Gay marriage ban supporters will now try and get case heard by United States Supreme Court

The 9th Circuit Court of Appeals on Tuesday (5 June) declined to rehear a case in which a three-judge panel had found California's ban on gay marriage unconstitutional.

There are now only two things that can happen: Couples can start getting married again in California or the landmark case goes to the US Supreme Court.

Proponents of California's Proposition 8 had petitioned the court in February to review the ruling of a three-judge panel of the 9th Circuit which had found that Proposition 8 violates the Equal Protection Clause of the Fourteenth Amendment to the United States Constitution.

The judges wrote then that Prop. 8 'serves no purpose, and has no effect, other than to lessen the status and human dignity of gays and lesbians in California, and to officially reclassify their relationships and families as inferior to those of opposite-sex couples.'

Prop. 8 proponents have 90 days to file an appeal to the US Supreme Court.

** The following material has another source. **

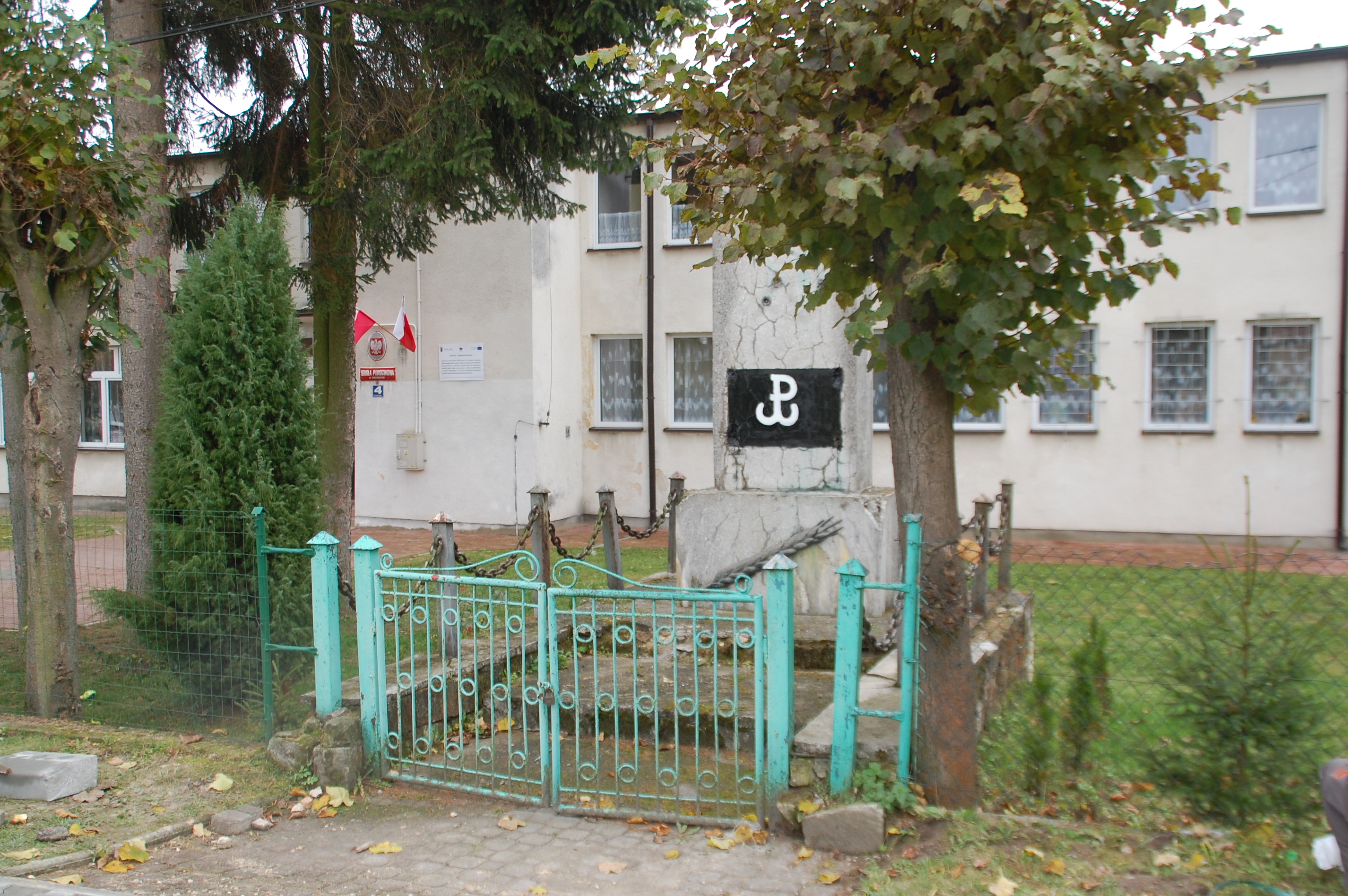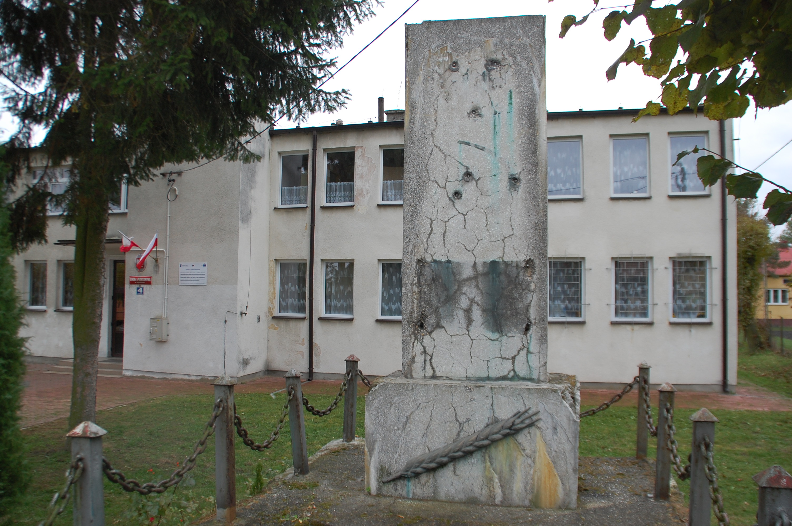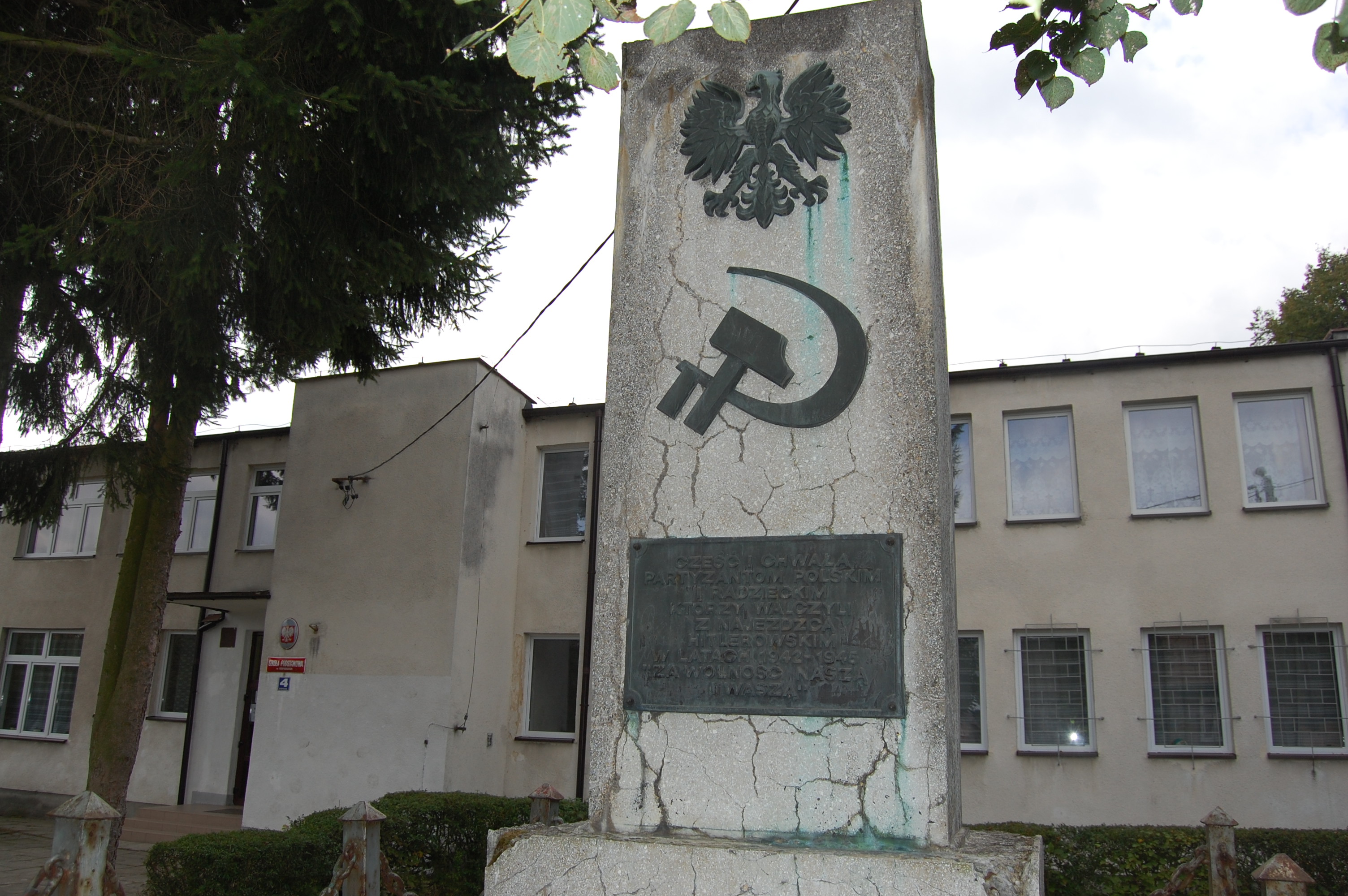 Obiekt został wybudowany w latach 70.Umieszczono na nim dużych rozmiarów symbol ideologii komunistycznej w postaciskrzyżowanego sierpa i młota oraz godło PRL. Inskrypcja na tablicy głosiła „cześći chwałę” partyzantów sowieckich i komunistycznych (co zgodnie z ówczesnąpraktyką podkreślono datami 1942-1945, odnoszącymi się do okresu funkcjonowaniakomunistycznej PPR i jej formacji zbrojnych pod okupacją niemiecką).

The American Foundation for Equal Rights (AFER), the group which brought forth the lawsuit that led to the court case, said Tuesday's decision not to rehear 'marks a monumental turning point in our case for equality.'

'Today’s order is yet another federal court victory for loving, committed gay and lesbian couples in California and around the nation,' AFER co-founder Chad Griffin said.  'The final chapter of the Proposition 8 case has now begun.  Should the United States Supreme Court decide to review the Ninth Circuit’s decision in our case, I am confident that the Justices will stand on the side of fairness and equality.'

The lawsuit challenging Prop. 8 was filed on behalf of two California couples who want to marry: Kris Perry and Sandy Stier and Paul Katami and Jeff Zarrillo.

The lead co-counsel for the plaintiffs, David Boies and Theodore B. Olson, held a telephone press conference after Tuesday's court decision was announced.

'Today’s decision affirms what we have said from the beginning: marriage is a fundamental right and the unjustifiable denial of that right seriously harms gay and lesbian couples and their families,' Boies said.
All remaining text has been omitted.